Simulation of Turbulent Flow Around a Wing

**Principal Investigator:**

Torsten Auerswald and Jens Bange

**Affiliation:**

Center for Applied Geoscience, University of Tübingen (Germany)

**Local Project ID:**

WAF

**HPC Platform used:**

Hermit and Hornet of HLRS

**Date published:**

*This project aims at the simulation of the influence of a turbulent atmospheric boundary layer flow on a wing. For this purpose the compressible flow solver DLR-TAU is used, which is developed by the German Aerospace Center (DLR). For initialising the simulation with a turbulent wind field a method to generate synthetic turbulence is used.
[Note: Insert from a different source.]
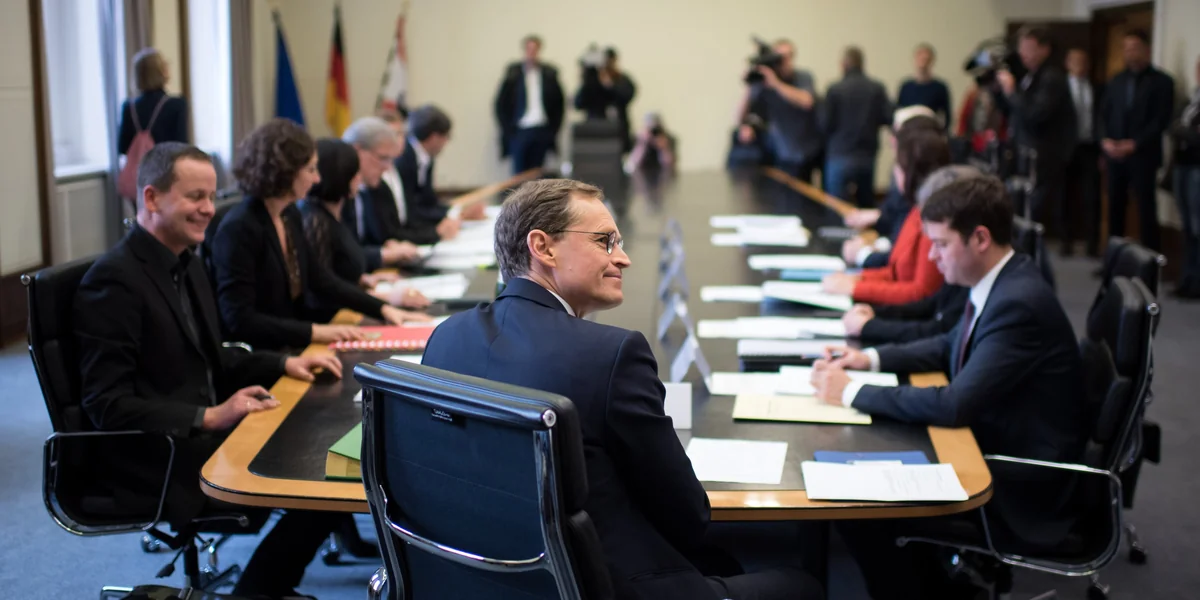 Die Räumlichkeiten, in denen es um 12 Uhr mittags losgehen soll, sind Müller und den meisten der zehn Senatorinnen und Senatoren gut bekannt. Und auch den Fraktionschefs, die ebenfalls dabei sind: Im Louise-Schröder-Saal handelten SPD, Linkspartei und Grüne ab Anfang Oktober rund sechs Wochen lang die bundesweit erste rot-rot-grüne Koalition unter SPD-Führung aus – beim schon seit 2014 regierenden gleichfarbigen Bündnis in Thüringen ist die Linkspartei stärkster Partner.

This method uses statistics from measured time series from the atmospheric boundary layer to generate a threedimensional turbulent wind field which can be used as initial field in the flow simulations.*

**Introduction**

The influence of atmospheric turbulence on an aircraft is an important issue in many aspects of aviation. Since two of the most critical maneuvers, take-off and landing, are taking place in the atmospheric boundary layer (ABL), knowledge about the influence of atmospheric turbulence flow on aircraft aerodynamics is important for the safety and design of aircrafts.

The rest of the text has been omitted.